What the task requires: Every line from the first record below down to the line that includes "Fig. 1 Les incendies" must be reproduced exactly; the pictures are not.

Stored items:
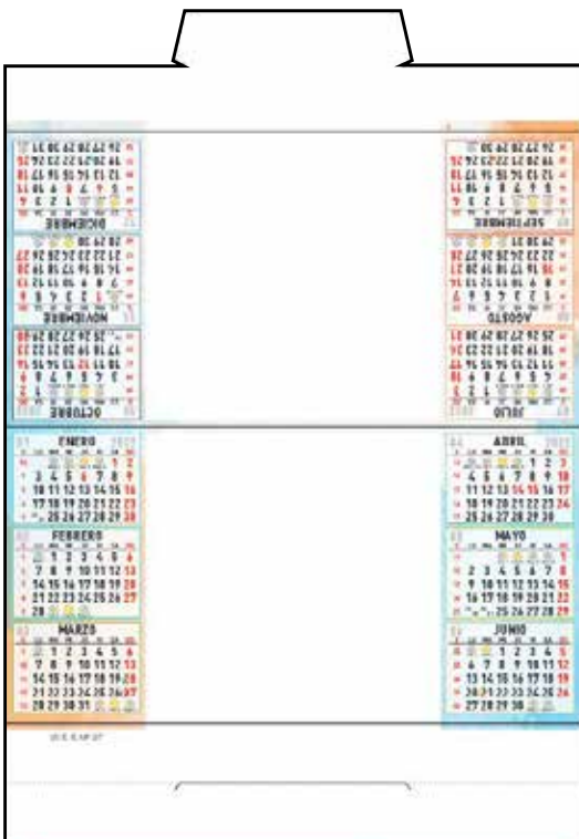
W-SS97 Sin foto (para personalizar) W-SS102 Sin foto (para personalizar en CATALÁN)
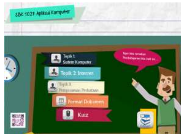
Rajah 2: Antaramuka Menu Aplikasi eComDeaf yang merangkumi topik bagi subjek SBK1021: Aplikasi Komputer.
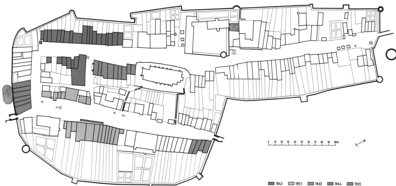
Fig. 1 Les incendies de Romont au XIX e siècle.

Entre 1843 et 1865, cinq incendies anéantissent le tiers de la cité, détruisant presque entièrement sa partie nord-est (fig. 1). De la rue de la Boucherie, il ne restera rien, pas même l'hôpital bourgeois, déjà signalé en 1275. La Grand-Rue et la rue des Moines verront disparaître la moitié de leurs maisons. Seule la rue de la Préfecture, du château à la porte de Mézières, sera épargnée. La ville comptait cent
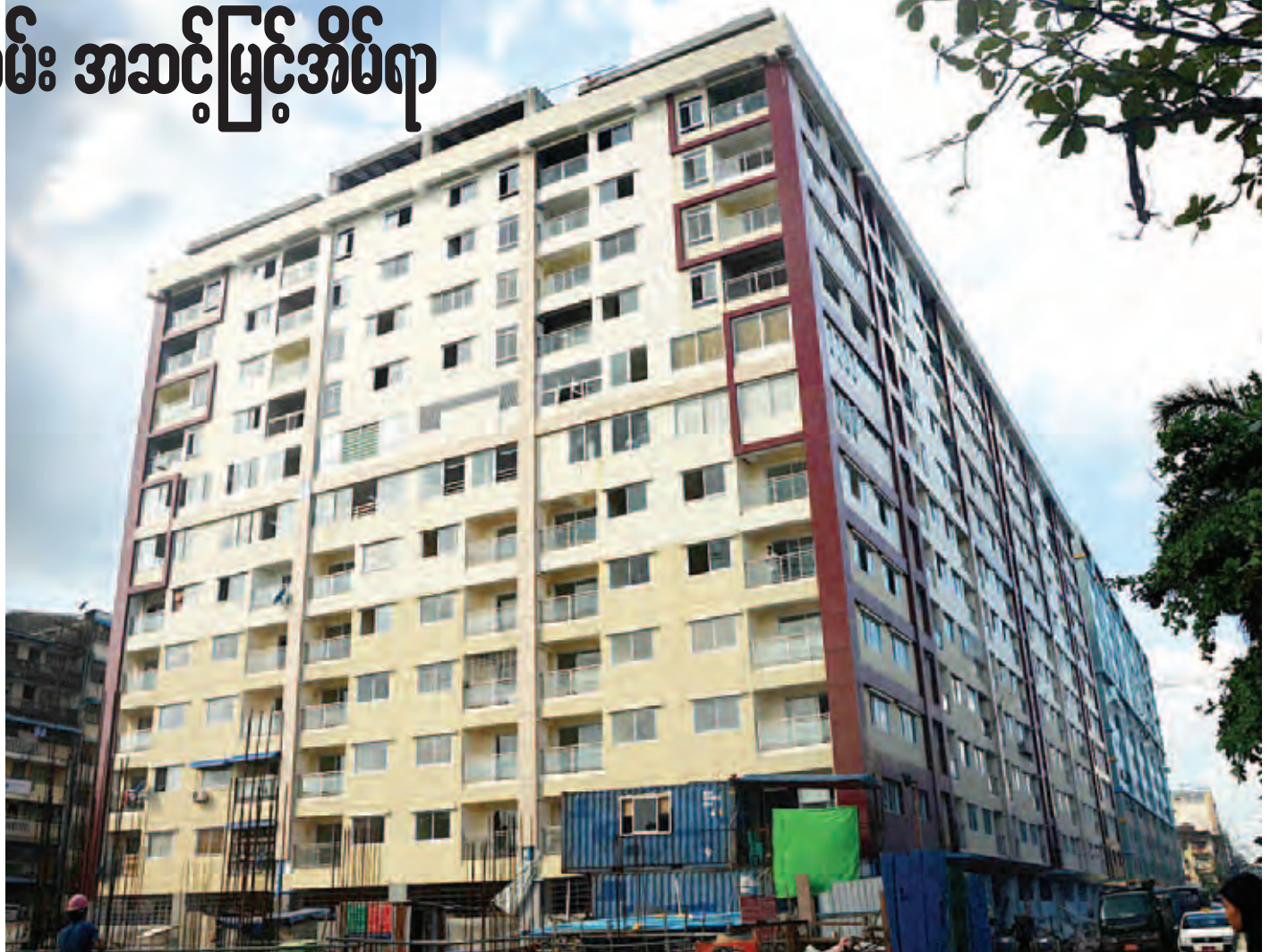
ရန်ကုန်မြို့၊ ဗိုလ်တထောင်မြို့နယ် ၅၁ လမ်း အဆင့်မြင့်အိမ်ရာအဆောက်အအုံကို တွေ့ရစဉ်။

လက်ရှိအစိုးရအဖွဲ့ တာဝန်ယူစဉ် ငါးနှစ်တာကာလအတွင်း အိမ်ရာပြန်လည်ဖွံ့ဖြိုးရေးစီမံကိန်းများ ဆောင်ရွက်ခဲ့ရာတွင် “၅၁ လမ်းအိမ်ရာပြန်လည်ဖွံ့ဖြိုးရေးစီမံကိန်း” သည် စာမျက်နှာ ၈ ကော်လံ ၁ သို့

Response for this exercise:
W-SS97 Sin foto (para personalizar) W-SS102 Sin foto (para personalizar en CATALÁN)
Rajah 2: Antaramuka Menu Aplikasi eComDeaf yang merangkumi topik bagi subjek SBK1021: Aplikasi Komputer.
Fig. 1 Les incendies de Romont au XIX e siècle.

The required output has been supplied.